EasyPredictModelWrapper model_orig = new EasyPredictModelWrapper(
  MojoModel.load(
    "src/main/resources/XGBoost_grid__1_AutoML_20200212_210321_model_3.zip"
  ));

I have created a Gradle project for this. The app.java provides the data for the prediction and executes it. The App class reads the MOJO file when creating the EasyPredictModelWrapper instance. The MOJO file can be found as a zip file in the main/resources directory. In the libs directory you will also find the H2O library as a jar file.

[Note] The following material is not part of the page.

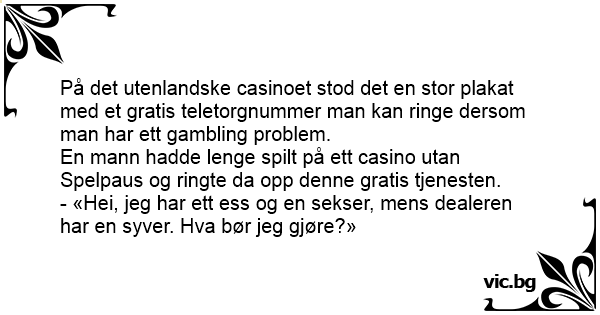 På det utenlandske casinoet stod det en stor plakat med et gratis teletorgnummer man kan ringe dersom man har ett gambling problem.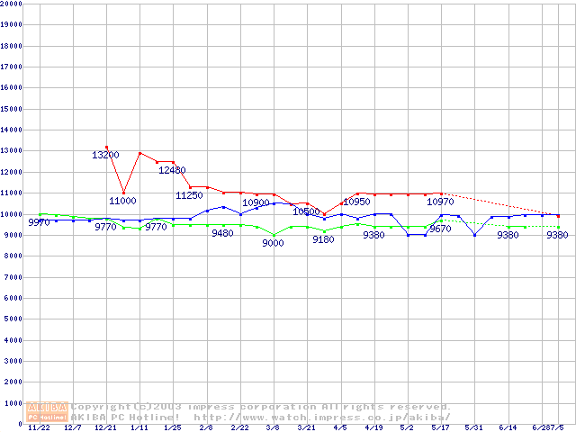 | [↑前グラフ]: | 2.5インチHDD主要製品の最安値推移 |

RowData rowTest896 = new RowData();
rowTest896.put("Pclass", "3");
rowTest896.put("Sex", "female");
rowTest896.put("Age", "22.0");
rowTest896.put("SibSp", "1");
rowTest896.put("Parch", "1");
rowTest896.put("Fare", "12.2875");
rowTest896.put("Embarked", "S");

Afterwards the values are defined, which are then passed to the Prediction. The printProbabilities method executes the prediction and if the result is greater than 0.5, true is printed for survived prediction.

ID 896  
0.3737413287162781, 0.6262586712837219
survived? true

Summary

Driverless AI provides an overview of H2O AutoML. H2O Flow uses AutoML to create numerous models. It is also possible to adjust data. H2O Flow gives an idea how a model can be created. The model can be exported as Java library.

Next

What’s next? H2O is also available for Python, R, Scala and Java. In the next blog post I will use H2O with Python.